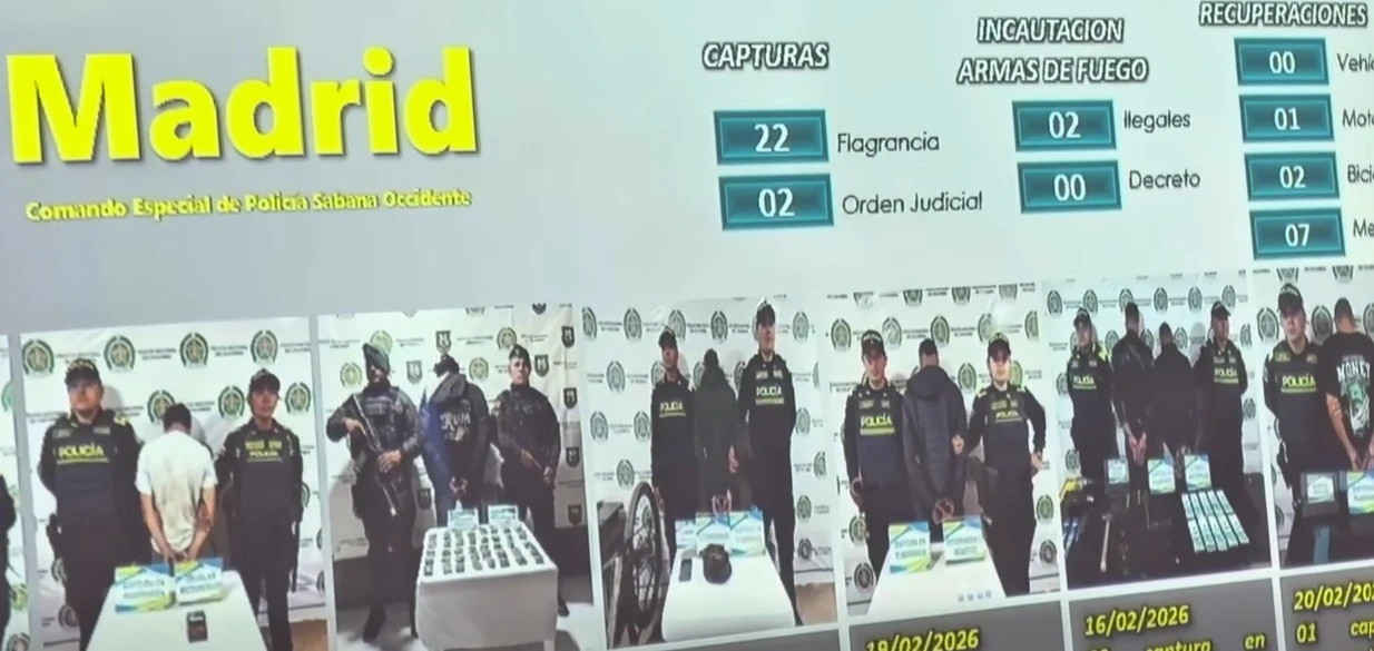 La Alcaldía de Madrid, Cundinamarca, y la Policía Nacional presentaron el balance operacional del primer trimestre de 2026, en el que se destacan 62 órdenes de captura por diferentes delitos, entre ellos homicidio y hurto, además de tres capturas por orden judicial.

************

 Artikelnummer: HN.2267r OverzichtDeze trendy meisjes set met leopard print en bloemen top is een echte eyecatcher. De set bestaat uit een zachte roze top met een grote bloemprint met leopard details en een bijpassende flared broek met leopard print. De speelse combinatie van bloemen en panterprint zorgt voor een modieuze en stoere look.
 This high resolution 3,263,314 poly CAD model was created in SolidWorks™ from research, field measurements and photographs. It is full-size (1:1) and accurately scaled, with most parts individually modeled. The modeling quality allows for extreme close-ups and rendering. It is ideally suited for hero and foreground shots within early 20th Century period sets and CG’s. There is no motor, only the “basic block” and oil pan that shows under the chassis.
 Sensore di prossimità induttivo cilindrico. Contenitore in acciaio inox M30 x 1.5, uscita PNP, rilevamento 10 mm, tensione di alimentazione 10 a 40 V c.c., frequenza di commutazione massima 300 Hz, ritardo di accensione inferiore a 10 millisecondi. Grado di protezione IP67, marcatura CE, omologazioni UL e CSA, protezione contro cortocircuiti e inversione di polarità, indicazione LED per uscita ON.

************

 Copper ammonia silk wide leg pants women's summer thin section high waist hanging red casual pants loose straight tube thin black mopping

************

- What you need to do -
From the entries above, collect every line with the string "high" in it.

- Problem solution -
 This high resolution 3,263,314 poly CAD model was created in SolidWorks™ from research, field measurements and photographs. It is full-size (1:1) and accurately scaled, with most parts individually modeled. The modeling quality allows for extreme close-ups and rendering. It is ideally suited for hero and foreground shots within early 20th Century period sets and CG’s. There is no motor, only the “basic block” and oil pan that shows under the chassis.
 Copper ammonia silk wide leg pants women's summer thin section high waist hanging red casual pants loose straight tube thin black mopping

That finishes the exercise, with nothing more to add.